From KPBS comes word that NCTD deleted all COASTER and Sprinter maintenance funds and threw it into buses and truly idiotic studies. This included a long budgeted provision precisely for replacing those brakes.


----------



## DET63 (Apr 4, 2013)

From Paulus' link:



> NCTD’s Executive Director Matthew Tucker told the Investigations Desk in early March that the agency’s mechanical maintenance officer, Richard Berk, along with the maintenance contractor, Veolia Transportation, “failed to report” the brake problems when they were found in 2009 -- just one year after the line began operations.
> However, Berk, who quit the agency in early March, has maintained that many people knew about the brake problems, including his superiors. The agency’s Capital Improvement Program (CIP) budgets bolster his statements: funding for the SPRINTER’s “Drive System Overhaul” -- which would have included replacing the brakes, according to Berk -- made it to the top of the agency’s priority list in 2012. The item was cut this year.
> 
> Although Berk was not included in the final budgeting process, he says, the brake priority was mentioned “in all discussions” that he had about the SPRINTER capital budget proposal.

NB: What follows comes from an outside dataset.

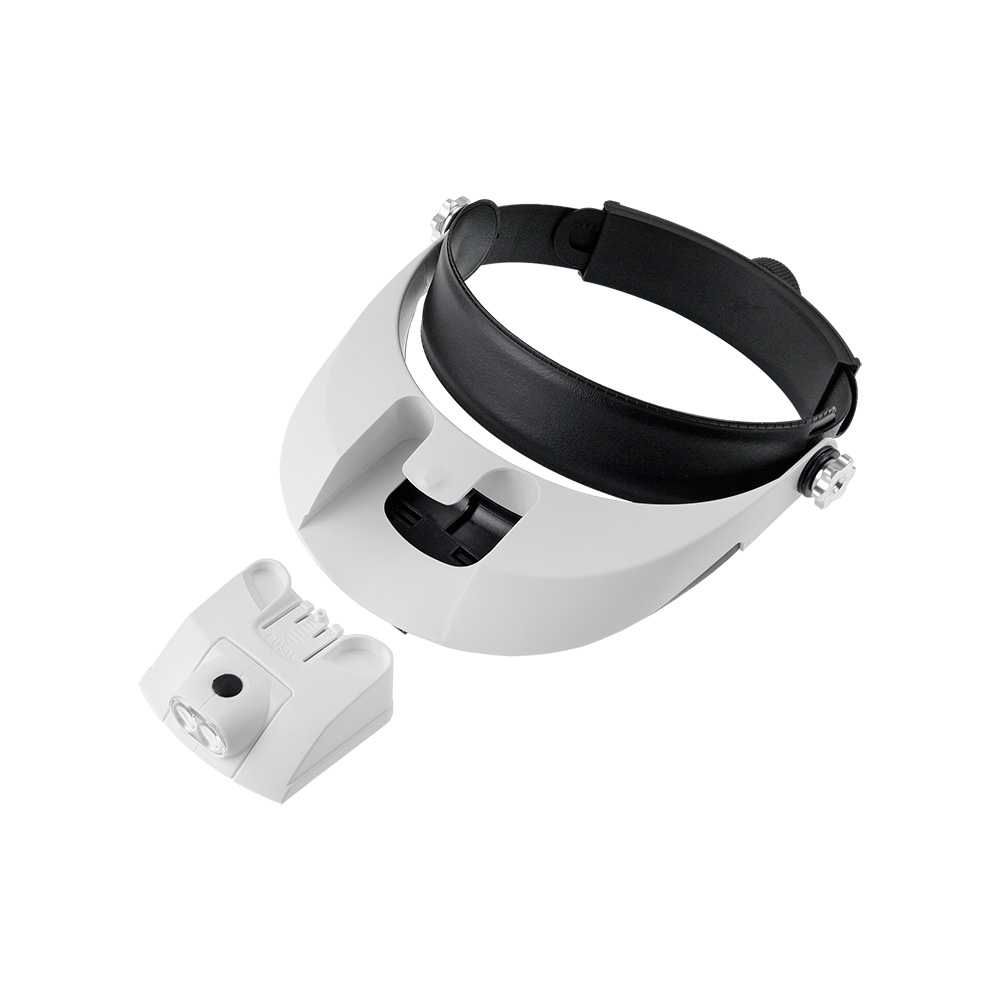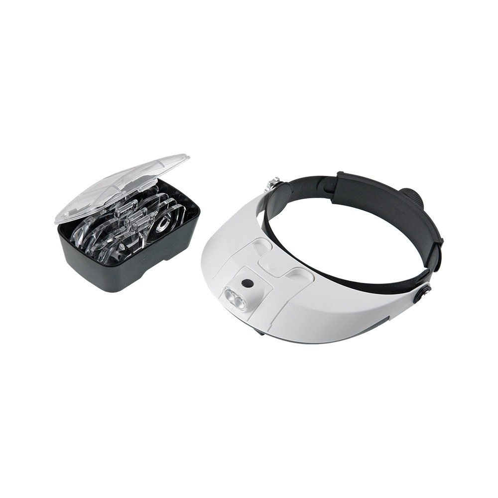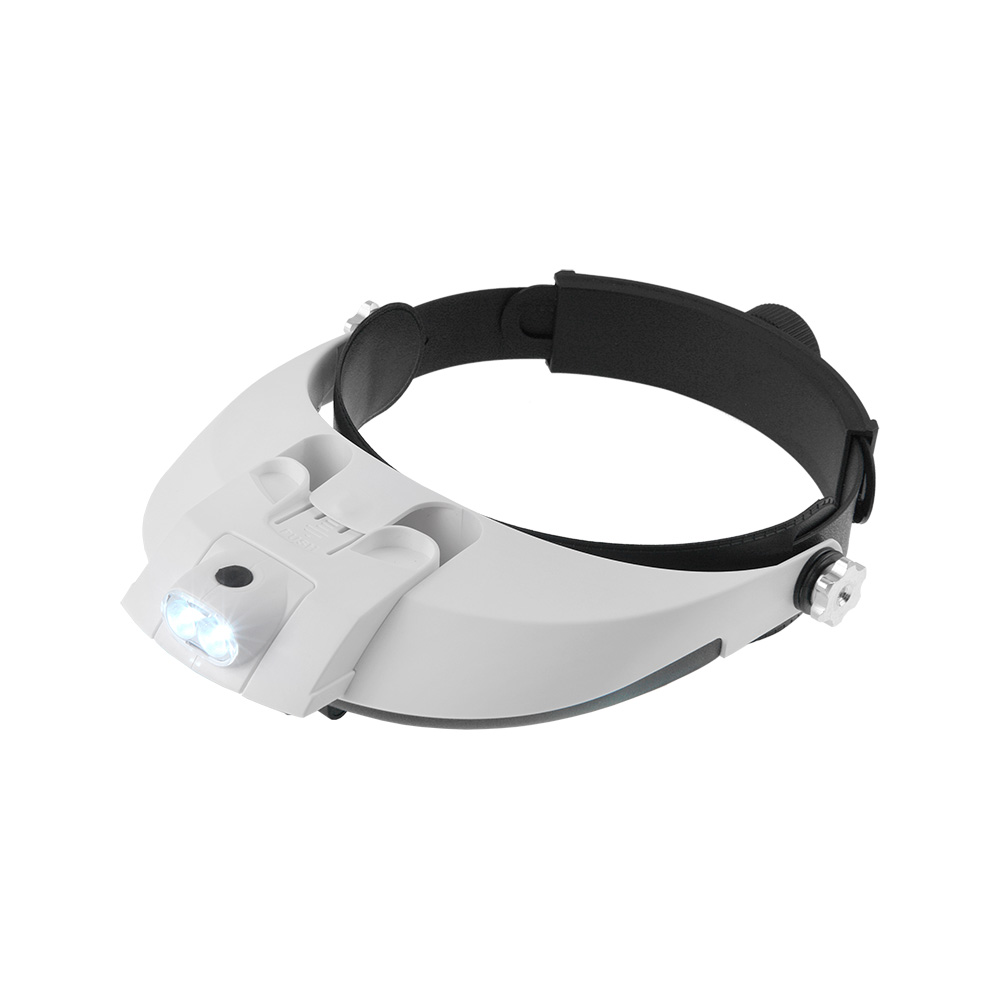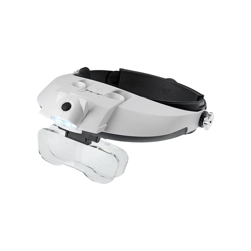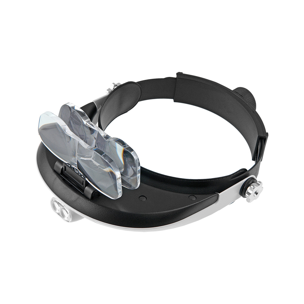 26202Налобная лупа-очки профессионального исполнения Veber 81001-G с мягким оголовьем и металлическими подпружиненными фиксаторами наклонного козырька. Сменные пары линз (1х, 1,5х, 2,0х, 2,5х, 3,5х ). Светодиодная подсветка, питание от 3 батареек ААА.
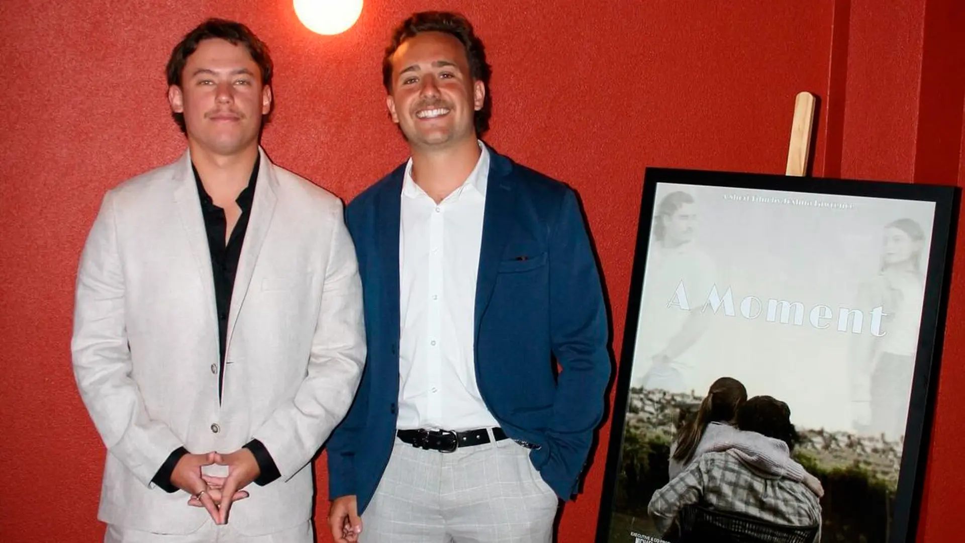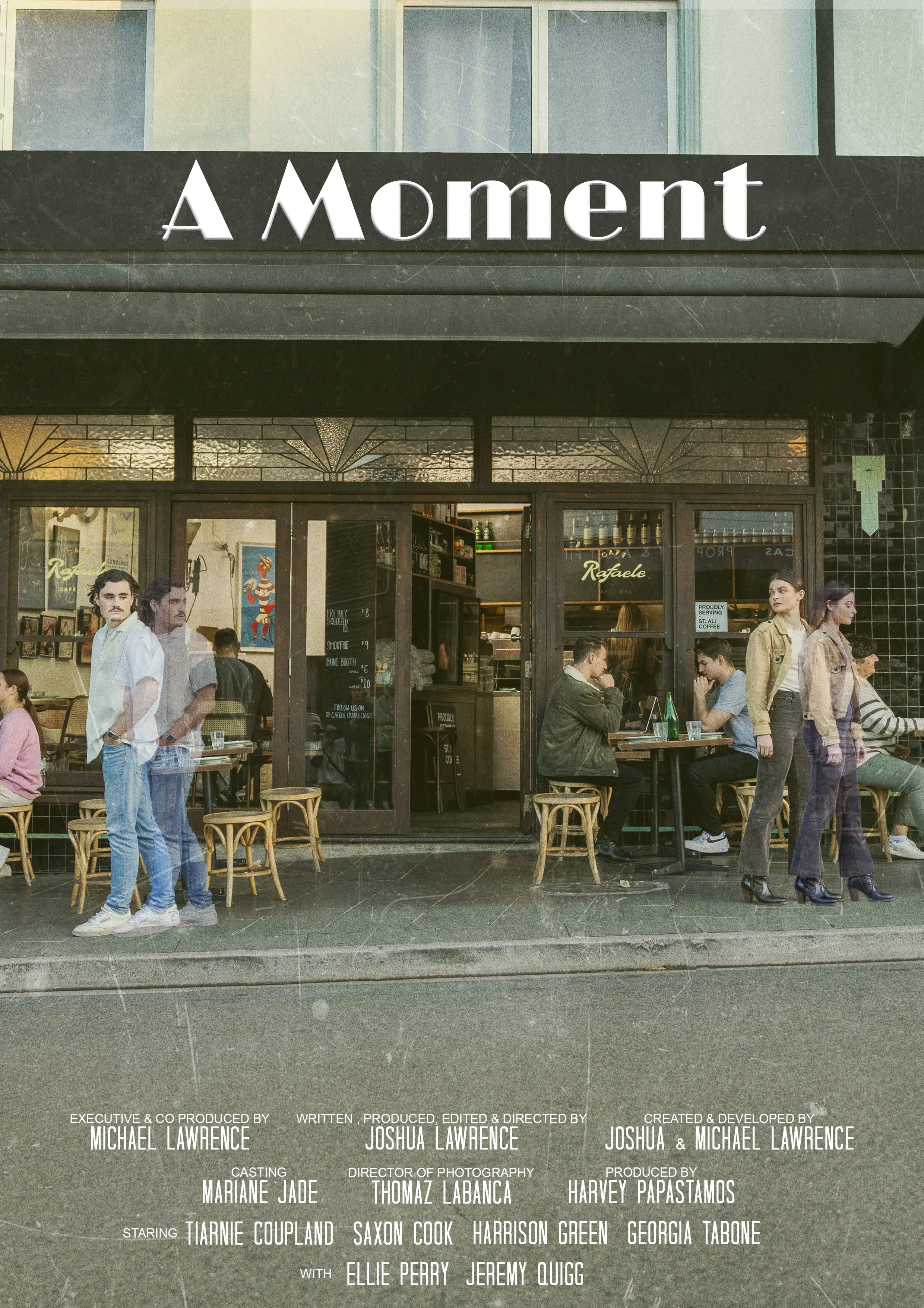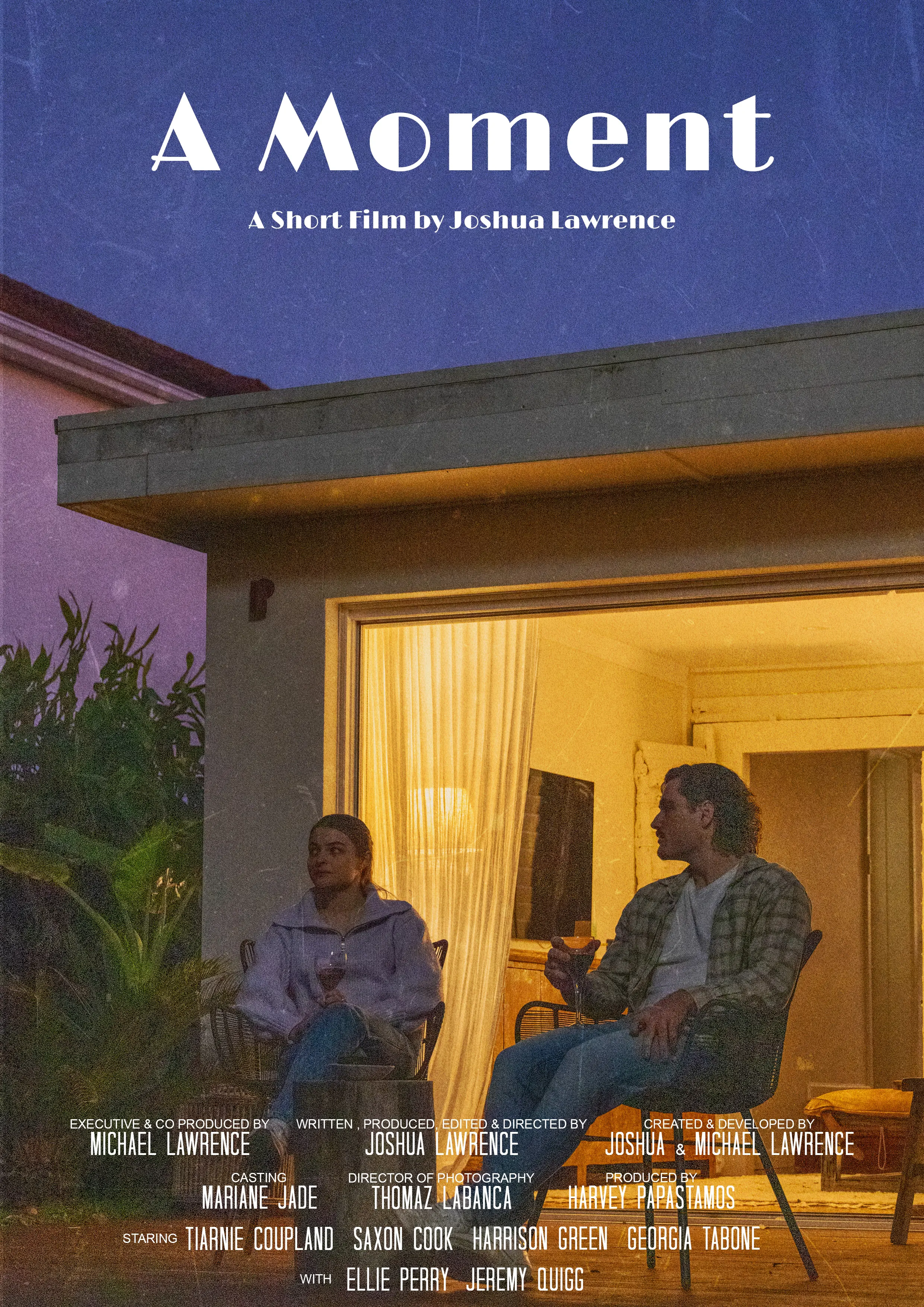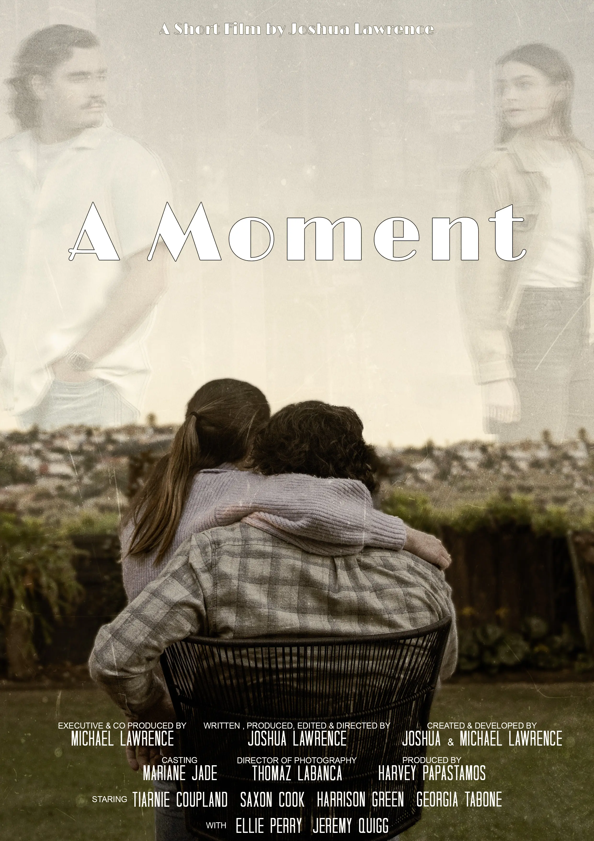 Create three poster designs for a short film "A Moment," directed by Josh Lawrence. Capturing the essence of the narrative's themes of connection and loss. The goal is to artfully showcase the intertwining emotions of the protagonists, Cillian and Amelia, while encapsulating an old-school aesthetic.

Sounds like Tucker is trying to throw Berk--if you'll pardon the expression--under the bus.


----------



## Ispolkom (May 11, 2013)

Is there any chance the Sprinter will be running when I visit San Diego in the second week in June? Looking at the Sprinter-uption Web site (I gag at the thought of how much more time was probably put into thinking up that title vs monitoring the train's brake system), I don't have a lot of hope.


----------



## thully (May 16, 2013)

NCTD just announced on their website (gonctd.com) that the Sprinter will be back up and running as of this upcoming Saturday (May 18th), on its regular schedule. So unless they have more problems between now and then, it should be fully functional in June.


----------



## Portly Peters (Jul 25, 2014)

How was this fixed? Do we have to worry about this coming up again in a few years?


----------